[[ Data extracts, beginning ]]
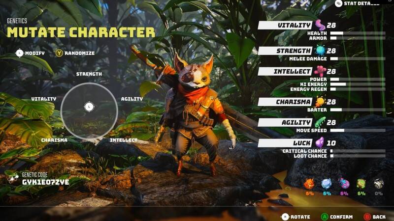 此外,角色还有6种属性:生命力、力量、智慧、魅力、敏捷、幸运,可以分配点数,它们还会对玩家角色的外观有直接影响(比如力量高的角色肌肉更多)。玩家还可以调整角色的抗性基因,分别是抗热、抗寒、抗生化危害、抗辐射,后期这些抗性都可以逐渐提升
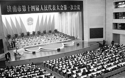 濟(jì)南市第十四屆人民代表大會(huì)第一次會(huì)議在山東會(huì)堂隆重開幕 記者 孫萇青 攝
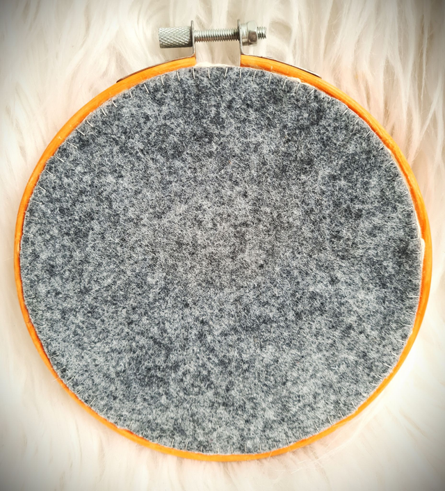 Calico fabric in a 5" wooden hoop, with a hand sewn backing of grey felt.
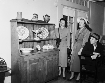 Image shows three women inspecting a maple cabinet and accessories. From left to right, Mrs. George Jaggers, Mrs. Roy Durst and Mrs. Robert Roark. They all find antiquing to be a fascinating hobby. Published in the Fort Worth Star-Telegram morning edition, October 29, 1950.
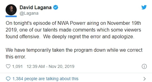 Once the comment was picked up on Twitter it began to gain momentum and the video was set to private on YouTube. NWA Vice President David Lagana would go on to post the below on his Twitter account.
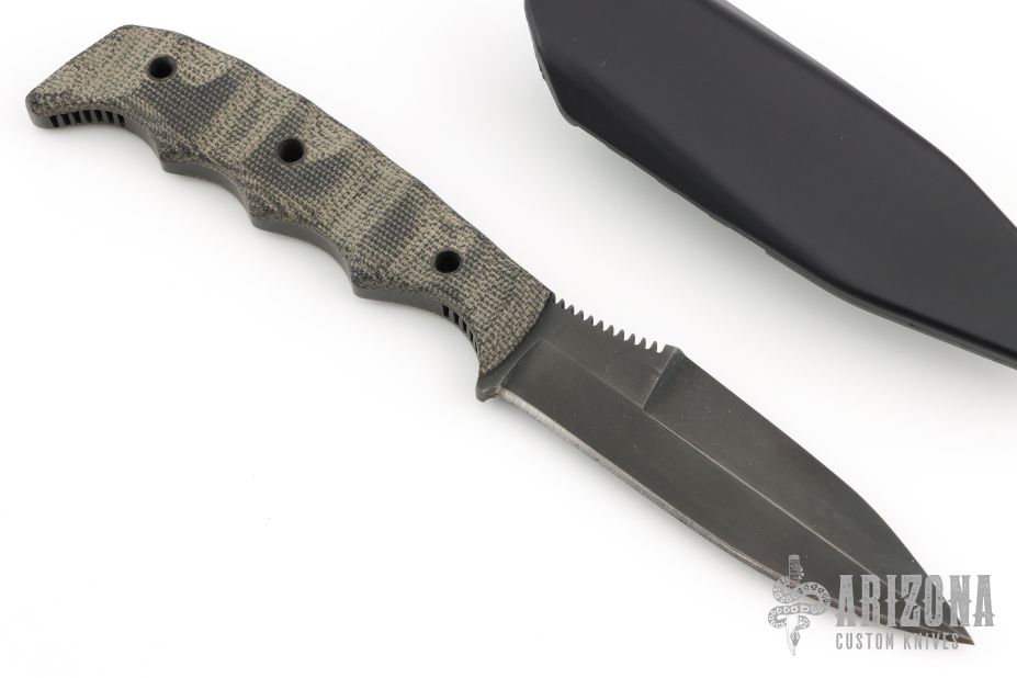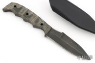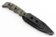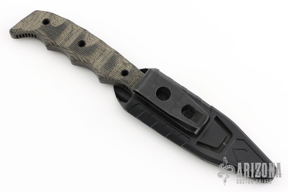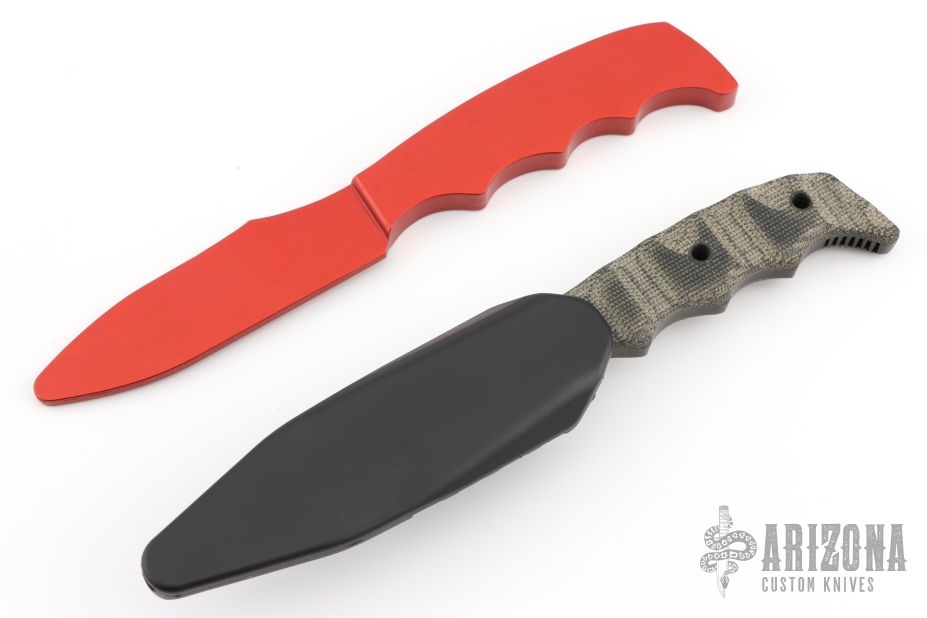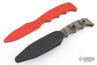 This Dynamis Alliance fixed blade was crafted by Daniel Winkler. IT features a spear point blade with false top edge and notched thumbrest. The handle is comprised of sculpted black canvas micarta scales over full tang construction. Jimping on pommel provides purchase when holding in the reverse grip. Includes a molded plastic sheath with metal clip. Includes original box and papers. Comes with red aluminum trainer. Has a couple light scuffs, otherwise excellent condition.
[[ Data extracts, end ]]
# The task
A word-for-word copy of the records above is needed, pictures excluded.

# Result of the exercise
 此外,角色还有6种属性:生命力、力量、智慧、魅力、敏捷、幸运,可以分配点数,它们还会对玩家角色的外观有直接影响(比如力量高的角色肌肉更多)。玩家还可以调整角色的抗性基因,分别是抗热、抗寒、抗生化危害、抗辐射,后期这些抗性都可以逐渐提升
 濟(jì)南市第十四屆人民代表大會(huì)第一次會(huì)議在山東會(huì)堂隆重開幕 記者 孫萇青 攝
 Calico fabric in a 5" wooden hoop, with a hand sewn backing of grey felt.
 Image shows three women inspecting a maple cabinet and accessories. From left to right, Mrs. George Jaggers, Mrs. Roy Durst and Mrs. Robert Roark. They all find antiquing to be a fascinating hobby. Published in the Fort Worth Star-Telegram morning edition, October 29, 1950.
 Once the comment was picked up on Twitter it began to gain momentum and the video was set to private on YouTube. NWA Vice President David Lagana would go on to post the below on his Twitter account.
 This Dynamis Alliance fixed blade was crafted by Daniel Winkler. IT features a spear point blade with false top edge and notched thumbrest. The handle is comprised of sculpted black canvas micarta scales over full tang construction. Jimping on pommel provides purchase when holding in the reverse grip. Includes a molded plastic sheath with metal clip. Includes original box and papers. Comes with red aluminum trainer. Has a couple light scuffs, otherwise excellent condition.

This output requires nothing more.